Do I need a fax machine for cloud faxing?

No. Cloud faxing replaces the machine and the analog phone line. Users send and receive faxes from a computer or mobile device through software. The recipient still receives the fax in the standard format, whether they use a machine or a cloud service on their end.

Can I keep my existing fax number?

Yes. Fax numbers can be ported to a cloud fax platform, so partners, patients, and vendors reach the organization at the same number they already have on file. Ask the provider about porting timelines and any technical requirements before starting the process.

What industries use cloud faxing the most?

Healthcare, legal, financial services, and government.
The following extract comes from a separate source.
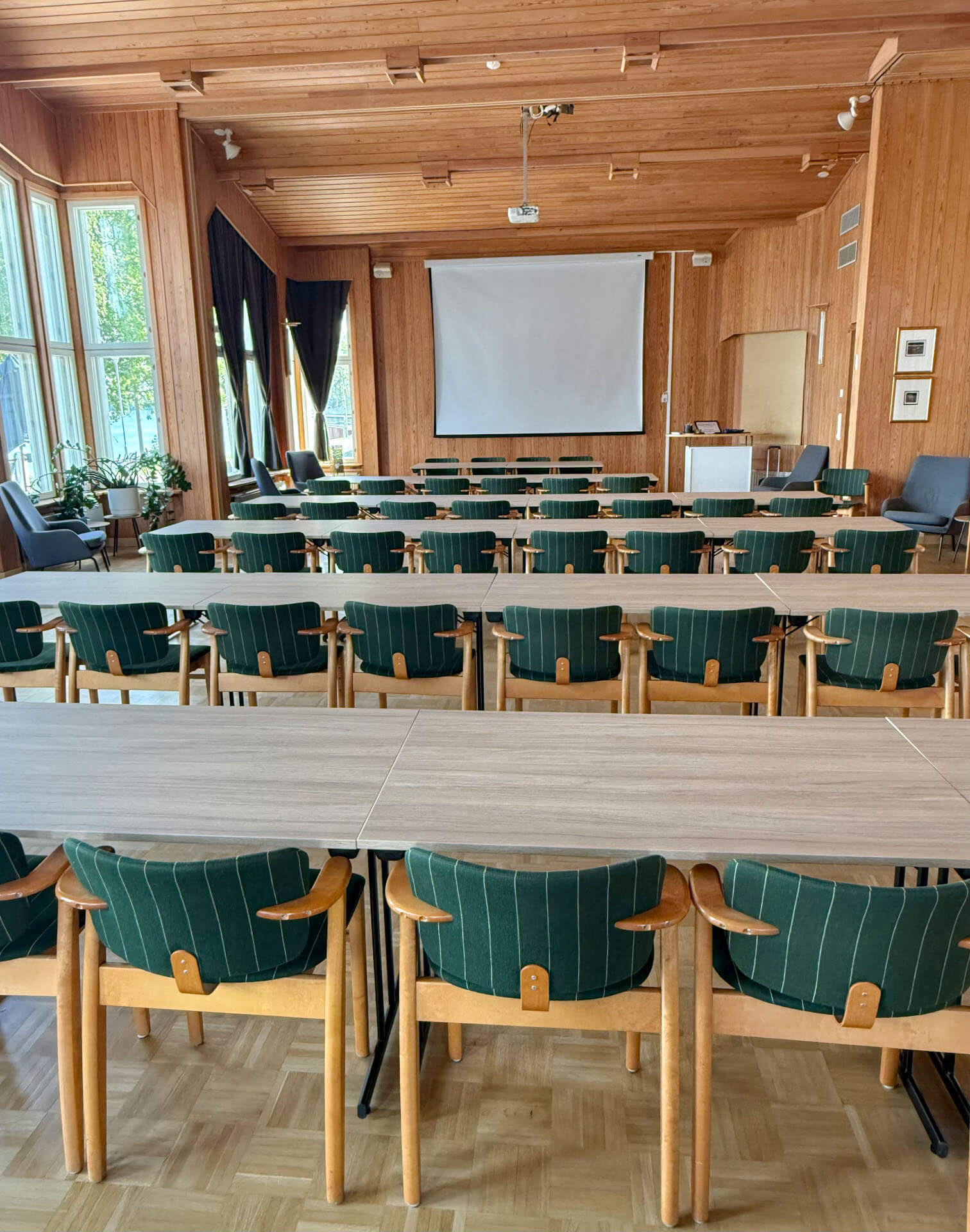 Tilassa on kiinteät valkokankaat tilan molemmissa päissä

These sectors fax because regulations or counterparties require it. Manufacturing is also a significant user, particularly for purchase orders and quality documentation. Cloud faxing removes hardware from the workflow without changing the format the other side expects.

How does cloud faxing work with Microsoft Teams?

A cloud fax solution can integrate directly with Microsoft Teams, allowing users to send and receive faxes from the same platform they use for calls and messages. Microsoft Teams faxing routes the document through the Teams environment and can store it in the organization’s own tenant, keeping the workflow and the data in one place.